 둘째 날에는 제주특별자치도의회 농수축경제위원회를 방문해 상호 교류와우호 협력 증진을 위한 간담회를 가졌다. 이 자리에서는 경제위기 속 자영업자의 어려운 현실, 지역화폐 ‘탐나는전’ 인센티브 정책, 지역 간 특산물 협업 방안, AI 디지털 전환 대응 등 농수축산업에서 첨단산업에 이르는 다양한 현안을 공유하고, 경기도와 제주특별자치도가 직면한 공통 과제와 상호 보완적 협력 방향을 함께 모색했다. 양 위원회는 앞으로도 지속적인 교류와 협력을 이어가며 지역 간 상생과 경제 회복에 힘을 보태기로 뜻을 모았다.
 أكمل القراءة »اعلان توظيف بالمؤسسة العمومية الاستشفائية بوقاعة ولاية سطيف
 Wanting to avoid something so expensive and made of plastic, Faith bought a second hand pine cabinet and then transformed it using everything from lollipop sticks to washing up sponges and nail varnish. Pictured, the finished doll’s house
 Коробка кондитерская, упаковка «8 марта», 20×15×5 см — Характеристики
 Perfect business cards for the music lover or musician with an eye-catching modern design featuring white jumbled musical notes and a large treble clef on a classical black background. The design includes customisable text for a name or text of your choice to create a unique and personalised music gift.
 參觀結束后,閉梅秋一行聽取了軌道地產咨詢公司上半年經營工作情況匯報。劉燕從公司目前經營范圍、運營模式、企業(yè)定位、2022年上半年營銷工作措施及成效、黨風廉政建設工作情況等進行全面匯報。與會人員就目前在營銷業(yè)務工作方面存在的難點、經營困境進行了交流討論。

* * *

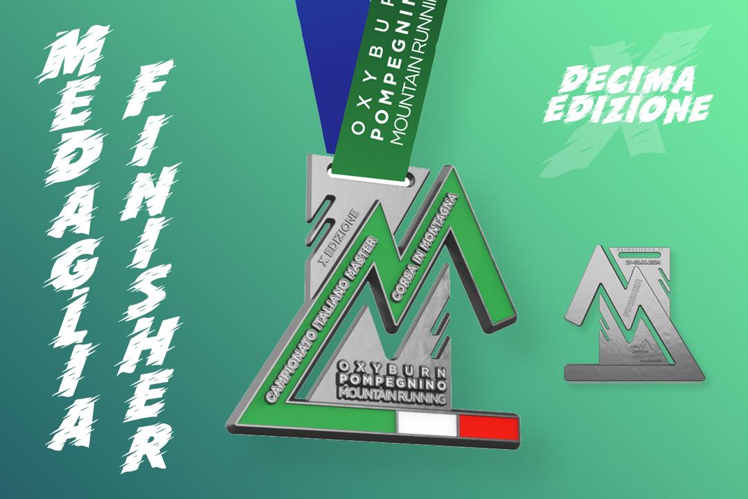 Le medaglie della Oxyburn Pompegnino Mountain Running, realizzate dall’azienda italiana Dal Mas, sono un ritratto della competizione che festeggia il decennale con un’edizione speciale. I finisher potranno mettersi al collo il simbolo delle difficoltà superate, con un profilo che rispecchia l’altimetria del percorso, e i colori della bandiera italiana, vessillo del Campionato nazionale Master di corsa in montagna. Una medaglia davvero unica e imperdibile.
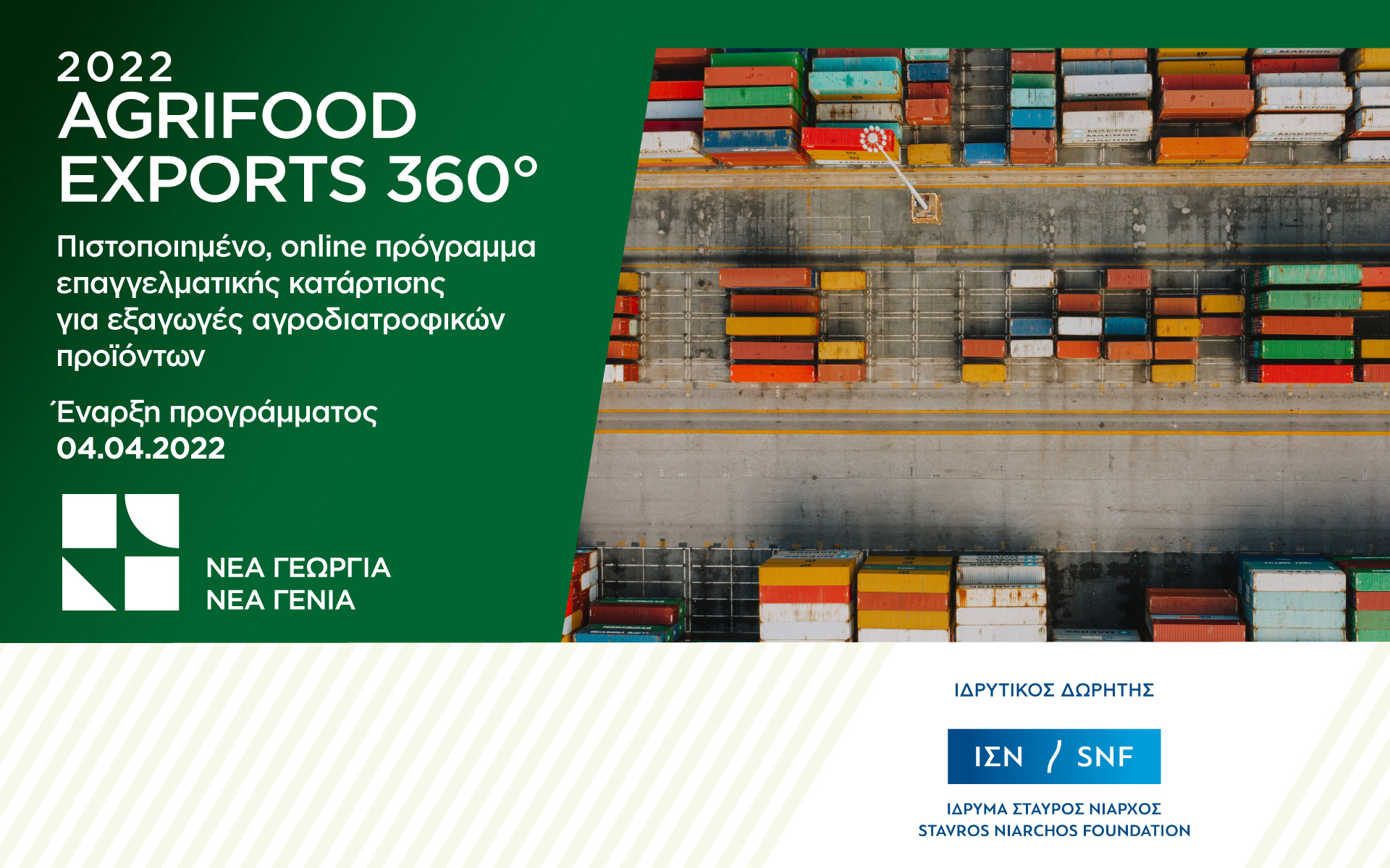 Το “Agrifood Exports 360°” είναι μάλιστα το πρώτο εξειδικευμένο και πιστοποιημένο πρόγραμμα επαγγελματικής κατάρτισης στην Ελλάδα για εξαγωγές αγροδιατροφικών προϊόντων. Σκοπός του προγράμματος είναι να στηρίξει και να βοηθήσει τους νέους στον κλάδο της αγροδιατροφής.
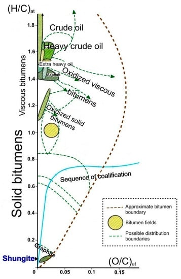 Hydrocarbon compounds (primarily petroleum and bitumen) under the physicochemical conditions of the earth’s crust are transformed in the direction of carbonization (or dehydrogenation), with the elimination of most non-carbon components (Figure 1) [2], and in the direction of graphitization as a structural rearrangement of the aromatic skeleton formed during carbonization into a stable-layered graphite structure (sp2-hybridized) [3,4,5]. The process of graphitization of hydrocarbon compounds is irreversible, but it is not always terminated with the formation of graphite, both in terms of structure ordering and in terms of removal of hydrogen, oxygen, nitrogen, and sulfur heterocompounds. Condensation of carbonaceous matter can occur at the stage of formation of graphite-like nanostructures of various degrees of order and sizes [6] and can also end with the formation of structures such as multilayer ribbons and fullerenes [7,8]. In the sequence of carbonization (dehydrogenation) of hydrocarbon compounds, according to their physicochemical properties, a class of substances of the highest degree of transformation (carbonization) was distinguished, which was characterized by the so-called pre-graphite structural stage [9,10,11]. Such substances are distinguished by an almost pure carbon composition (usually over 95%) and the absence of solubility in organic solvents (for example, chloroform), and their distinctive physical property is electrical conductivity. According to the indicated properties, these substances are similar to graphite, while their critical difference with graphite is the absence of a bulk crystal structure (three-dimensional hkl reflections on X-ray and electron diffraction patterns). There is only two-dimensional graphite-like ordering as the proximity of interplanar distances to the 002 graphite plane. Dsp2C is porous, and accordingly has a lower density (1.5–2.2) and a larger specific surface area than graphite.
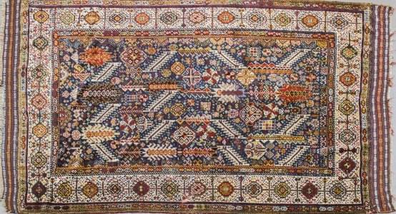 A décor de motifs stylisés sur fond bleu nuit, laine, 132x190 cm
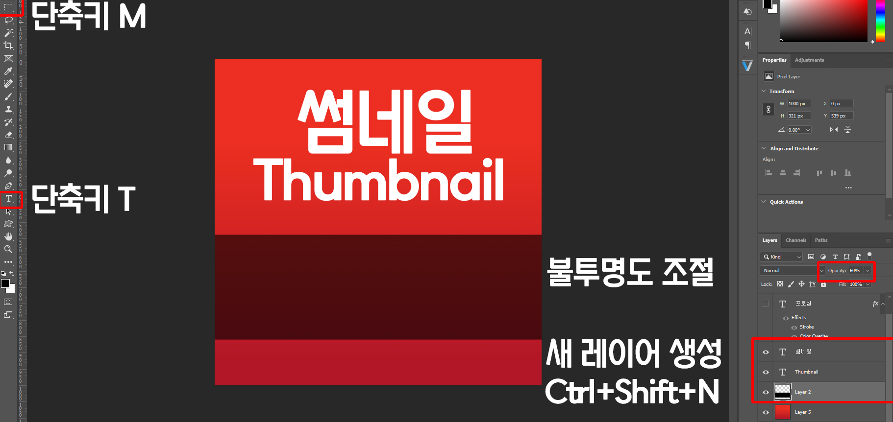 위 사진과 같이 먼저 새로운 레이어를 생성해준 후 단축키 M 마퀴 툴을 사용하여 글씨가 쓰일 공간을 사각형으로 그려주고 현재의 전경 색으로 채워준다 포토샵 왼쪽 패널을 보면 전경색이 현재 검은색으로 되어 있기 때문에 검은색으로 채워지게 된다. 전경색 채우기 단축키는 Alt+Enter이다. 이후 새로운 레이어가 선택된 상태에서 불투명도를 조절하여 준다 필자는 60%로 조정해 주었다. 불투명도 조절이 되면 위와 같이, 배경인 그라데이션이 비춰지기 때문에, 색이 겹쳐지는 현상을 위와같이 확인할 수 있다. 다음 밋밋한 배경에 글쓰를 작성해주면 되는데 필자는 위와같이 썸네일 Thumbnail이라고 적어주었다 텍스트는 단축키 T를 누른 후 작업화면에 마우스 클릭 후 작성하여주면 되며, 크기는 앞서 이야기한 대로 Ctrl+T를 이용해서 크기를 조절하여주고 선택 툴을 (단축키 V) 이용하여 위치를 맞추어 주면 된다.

* * *

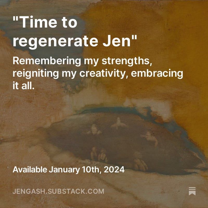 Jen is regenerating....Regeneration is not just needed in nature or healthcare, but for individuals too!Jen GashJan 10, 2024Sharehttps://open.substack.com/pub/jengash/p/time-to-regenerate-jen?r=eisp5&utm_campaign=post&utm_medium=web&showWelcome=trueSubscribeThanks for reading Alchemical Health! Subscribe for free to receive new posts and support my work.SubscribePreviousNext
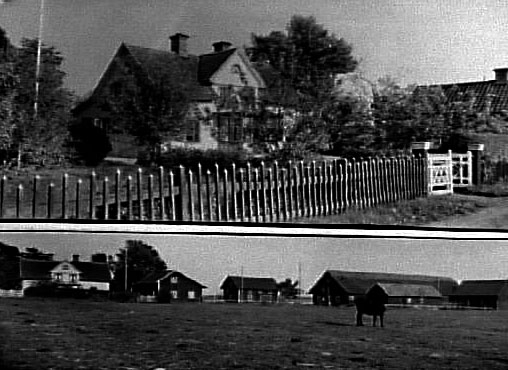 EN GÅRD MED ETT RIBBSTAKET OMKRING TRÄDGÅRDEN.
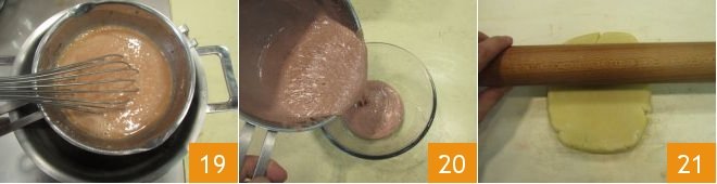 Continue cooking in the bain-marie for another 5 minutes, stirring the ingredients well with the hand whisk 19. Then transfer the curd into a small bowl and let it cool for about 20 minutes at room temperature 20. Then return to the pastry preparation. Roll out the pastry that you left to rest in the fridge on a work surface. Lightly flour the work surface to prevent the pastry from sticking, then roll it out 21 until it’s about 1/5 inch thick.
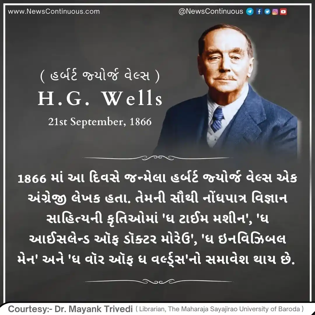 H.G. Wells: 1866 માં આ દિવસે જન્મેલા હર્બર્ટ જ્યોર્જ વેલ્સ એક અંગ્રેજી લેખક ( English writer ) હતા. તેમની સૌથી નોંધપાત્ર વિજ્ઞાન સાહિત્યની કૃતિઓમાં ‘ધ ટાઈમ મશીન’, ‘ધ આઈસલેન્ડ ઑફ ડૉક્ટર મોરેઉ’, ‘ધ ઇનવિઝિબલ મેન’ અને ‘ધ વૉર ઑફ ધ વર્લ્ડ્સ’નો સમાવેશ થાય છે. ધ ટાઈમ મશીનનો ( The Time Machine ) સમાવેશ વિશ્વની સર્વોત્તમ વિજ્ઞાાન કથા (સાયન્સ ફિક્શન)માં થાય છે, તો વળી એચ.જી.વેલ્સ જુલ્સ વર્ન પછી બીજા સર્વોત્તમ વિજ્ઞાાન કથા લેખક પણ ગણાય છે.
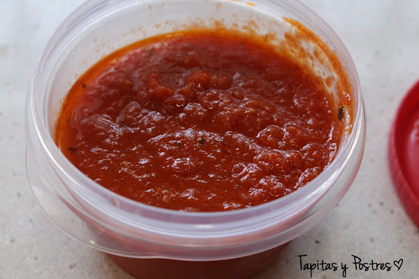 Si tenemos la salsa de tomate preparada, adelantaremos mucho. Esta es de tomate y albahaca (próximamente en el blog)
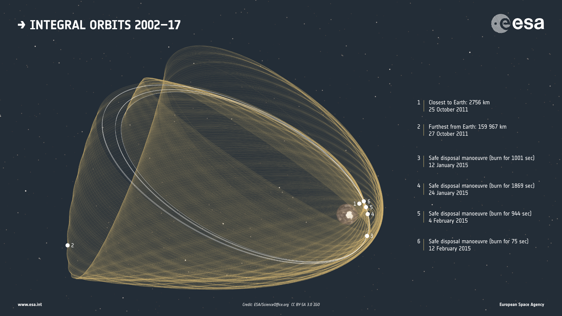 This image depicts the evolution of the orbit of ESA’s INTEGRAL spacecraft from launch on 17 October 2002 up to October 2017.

INSTRUCTIONS TO FOLLOW
Reproducing the whole listing above is not the task. Copy exactly only the lines from the one with "둘째 날에는 제주특별자치도의회" to the one with "參觀結束后,閉梅秋一行聽取了", both kept.

YOUR RESPONSE
 둘째 날에는 제주특별자치도의회 농수축경제위원회를 방문해 상호 교류와우호 협력 증진을 위한 간담회를 가졌다. 이 자리에서는 경제위기 속 자영업자의 어려운 현실, 지역화폐 ‘탐나는전’ 인센티브 정책, 지역 간 특산물 협업 방안, AI 디지털 전환 대응 등 농수축산업에서 첨단산업에 이르는 다양한 현안을 공유하고, 경기도와 제주특별자치도가 직면한 공통 과제와 상호 보완적 협력 방향을 함께 모색했다. 양 위원회는 앞으로도 지속적인 교류와 협력을 이어가며 지역 간 상생과 경제 회복에 힘을 보태기로 뜻을 모았다.
 أكمل القراءة »اعلان توظيف بالمؤسسة العمومية الاستشفائية بوقاعة ولاية سطيف
 Wanting to avoid something so expensive and made of plastic, Faith bought a second hand pine cabinet and then transformed it using everything from lollipop sticks to washing up sponges and nail varnish. Pictured, the finished doll’s house
 Коробка кондитерская, упаковка «8 марта», 20×15×5 см — Характеристики
 Perfect business cards for the music lover or musician with an eye-catching modern design featuring white jumbled musical notes and a large treble clef on a classical black background. The design includes customisable text for a name or text of your choice to create a unique and personalised music gift.
 參觀結束后,閉梅秋一行聽取了軌道地產咨詢公司上半年經營工作情況匯報。劉燕從公司目前經營范圍、運營模式、企業(yè)定位、2022年上半年營銷工作措施及成效、黨風廉政建設工作情況等進行全面匯報。與會人員就目前在營銷業(yè)務工作方面存在的難點、經營困境進行了交流討論。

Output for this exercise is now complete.